Here's part of a very good short article from PublicService Europe, an online publication specializing in "European politics, public administration, management issues and key developments in the business world". It's a sober, direct look at the issue of Peak Oil, giving a European flavour to a global problem.
Peak oil - are we sleepwalking into disaster?(...) Unlike climate change, politicians seem unwilling to encourage public debate about the ramifications of peak oil. There has been no shortage of government-commissioned reports into the problem, but most have been kept from public view – Britain and the US, for example, have maintained the cloak of secrecy by not publishing many findings. This could be because politicians are concerned that doom-laden messages - like the prediction that ordinary families will only be able to use their cars for emergencies within 10 years because of spiralling fuel prices – will cause panic and civil disobedience on the streets. Or, a more cynical view, might suggest that governments and oil companies are so deeply entwined – in some cases like Saudi Arabia and Iran they are, indeed, the very same thing and we all know about the intimate connections between BP and the political world here in the UK – that educating citizens on the need to move towards conservation and away from consumption would damage business and tax revenues and possibly, even, the foundations of capitalism itself.
Acknowledging the current confusion and lack of interest in the topic - Keele University Professor Bulent Gokay urges politicians, educators and citizens to grasp the nettle before it is too late. "Every aspect of modern industrial life requires oil, we live in a petroleum landscape because it is still the most dense energy form we have ever found," he explains. "But discoveries are declining and the oil is running out. It is a finite resource because it takes millions of years to renew. Only the Middle East and Caspian Sea region now have spare capacity, everywhere else has reached peak – including the United Kingdom, Norway, China, Mexico, Venezuela, Indonesia, Russia, Syria, Libya, Nigeria and Qatar. The cheap oil is already gone – when you have to drill deeper and deeper and in regions like the Arctic, it is much more expensive and the quality is not as good and not so easy to refine – due to the high sulphur content."

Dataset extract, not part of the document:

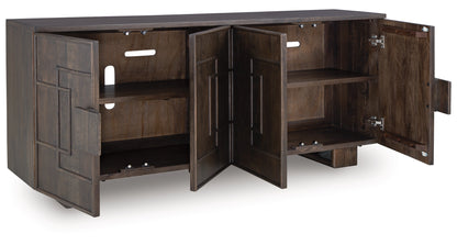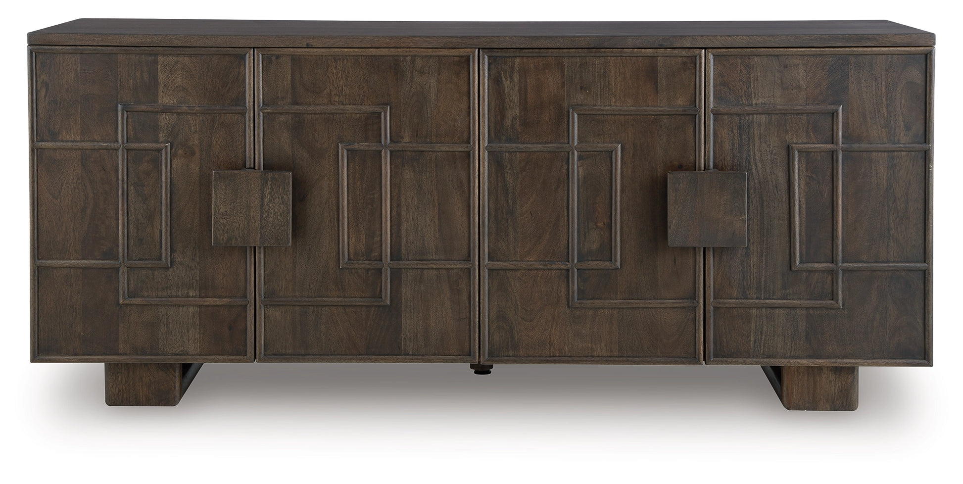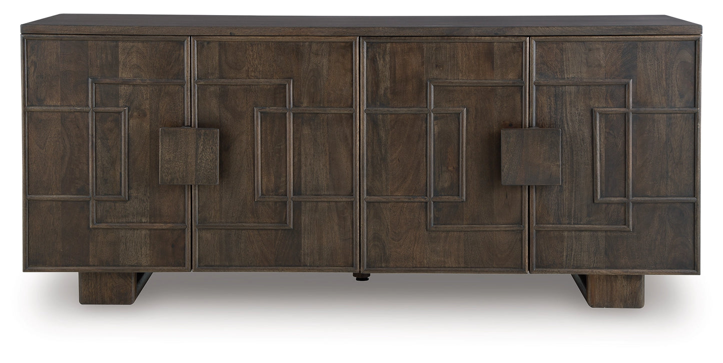 This accent cabinet is a stunning statement piece that combines artistry and functionality. A beautiful dark brown finish and raised geometric-patterned door fronts create a captivating look, while the spacious interior with two shelves offers ample storage. It's a perfect place to keep your essentials organized and out of sight.
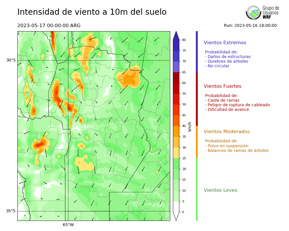 • Intensidad máxima: 6.42 km/h (17/05/2023 11hs.)

In addition, the world's largest oil companies exist in nations where democracy and human rights are not top of the government's priority list, to say the least. Names such as the Saudi Arabian Oil Company, the National Iranian Oil Company, the Qatar General Petroleum Corporation and the Iraq National Oil Company are not well known to citizens in the west – but their geopolitical power is enormous, easily dwarfing the likes of Exxon-Mobil, BP and Royal Dutch/Shell. We know that 17 per cent of our energy is used for producing food – through oil for fertilizers, pesticides, packaging and distribution. And more than 90 per cent of energy consumed is from fossil fuels. They drive transport, sewage management and the defence industry as well as the production of plastics, water, pharmaceuticals and electricity. Even former Shell chairman Lord Oxburgh once admitted: "It may be too late to do anything about it (peak oil) by the time we are fully aware?"
So what will this mean for future generations in practical terms? "Oil prices will have to rise further to justify deep-water drilling," says Gokay. "You cannot stop this or control it; it's simply a fact of economic life and physics rather than the fault of greedy oil companies or speculators. There is no long-term solution except to reduce our energy consumption. It's not just about using bicycles, but radically reorganising society and there is no reason to think that will happen. Oil ruled the 20th century and shortage of oil will rule the 21st century. This is the secret ticking time bomb under the global capitalist system; we are nearing a real emergency scenario. In less than 10 years, many ordinary people will not be able to afford to use their cars."